***** Source data *****

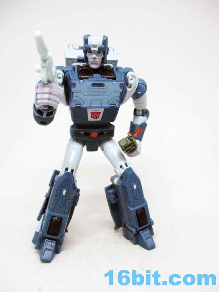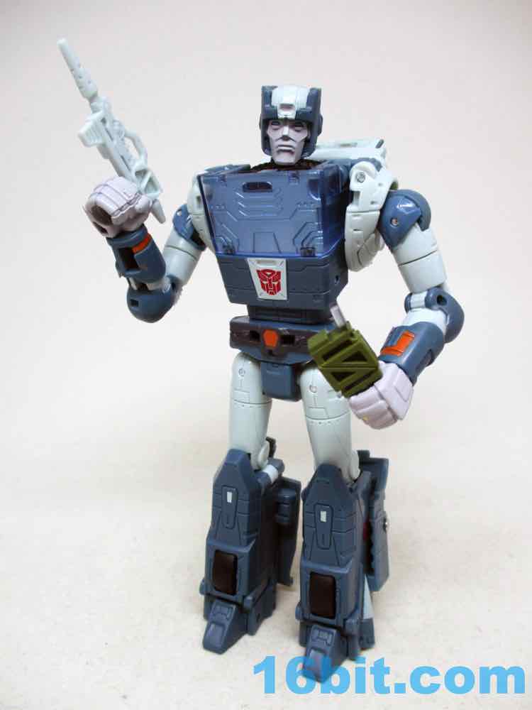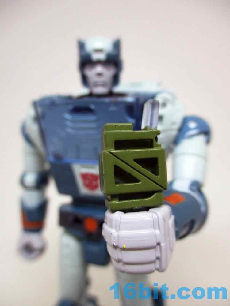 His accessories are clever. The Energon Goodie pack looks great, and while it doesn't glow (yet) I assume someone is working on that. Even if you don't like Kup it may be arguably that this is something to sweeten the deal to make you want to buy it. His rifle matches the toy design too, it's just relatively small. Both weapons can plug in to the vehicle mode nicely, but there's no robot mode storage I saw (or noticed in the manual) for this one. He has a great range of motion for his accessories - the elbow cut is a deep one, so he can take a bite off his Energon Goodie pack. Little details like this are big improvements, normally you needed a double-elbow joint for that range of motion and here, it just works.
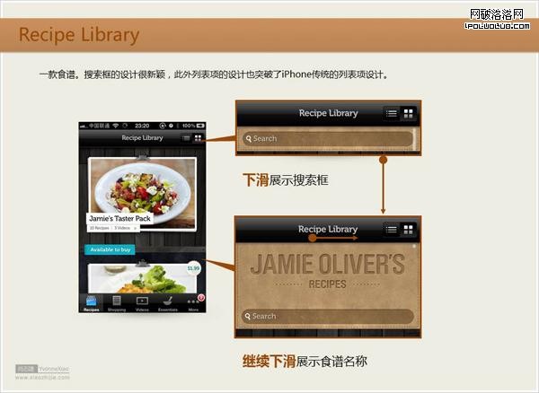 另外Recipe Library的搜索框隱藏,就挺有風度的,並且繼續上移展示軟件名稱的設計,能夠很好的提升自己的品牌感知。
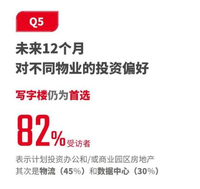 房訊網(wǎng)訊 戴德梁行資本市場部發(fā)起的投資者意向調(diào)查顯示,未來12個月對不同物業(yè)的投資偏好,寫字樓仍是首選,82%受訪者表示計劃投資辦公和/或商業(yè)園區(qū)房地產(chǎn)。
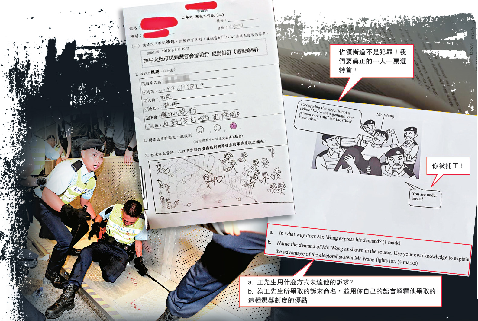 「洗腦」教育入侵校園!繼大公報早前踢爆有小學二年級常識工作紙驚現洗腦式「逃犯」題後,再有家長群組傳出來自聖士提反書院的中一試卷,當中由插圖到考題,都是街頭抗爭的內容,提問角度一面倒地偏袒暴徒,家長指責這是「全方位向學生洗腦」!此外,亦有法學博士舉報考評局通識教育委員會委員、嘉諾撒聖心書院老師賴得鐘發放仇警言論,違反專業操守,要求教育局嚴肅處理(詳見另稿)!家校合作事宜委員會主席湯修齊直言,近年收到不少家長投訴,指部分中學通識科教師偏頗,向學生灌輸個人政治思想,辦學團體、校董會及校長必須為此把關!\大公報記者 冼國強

*****

Work order:
Because the copy must hold no pictures, return only the lines that run from the line containing "另外Recipe Libra" to the end of the data above, each exactly as it stands.

Result of this exercise:
 另外Recipe Library的搜索框隱藏,就挺有風度的,並且繼續上移展示軟件名稱的設計,能夠很好的提升自己的品牌感知。
 房訊網(wǎng)訊 戴德梁行資本市場部發(fā)起的投資者意向調(diào)查顯示,未來12個月對不同物業(yè)的投資偏好,寫字樓仍是首選,82%受訪者表示計劃投資辦公和/或商業(yè)園區(qū)房地產(chǎn)。
 「洗腦」教育入侵校園!繼大公報早前踢爆有小學二年級常識工作紙驚現洗腦式「逃犯」題後,再有家長群組傳出來自聖士提反書院的中一試卷,當中由插圖到考題,都是街頭抗爭的內容,提問角度一面倒地偏袒暴徒,家長指責這是「全方位向學生洗腦」!此外,亦有法學博士舉報考評局通識教育委員會委員、嘉諾撒聖心書院老師賴得鐘發放仇警言論,違反專業操守,要求教育局嚴肅處理(詳見另稿)!家校合作事宜委員會主席湯修齊直言,近年收到不少家長投訴,指部分中學通識科教師偏頗,向學生灌輸個人政治思想,辦學團體、校董會及校長必須為此把關!\大公報記者 冼國強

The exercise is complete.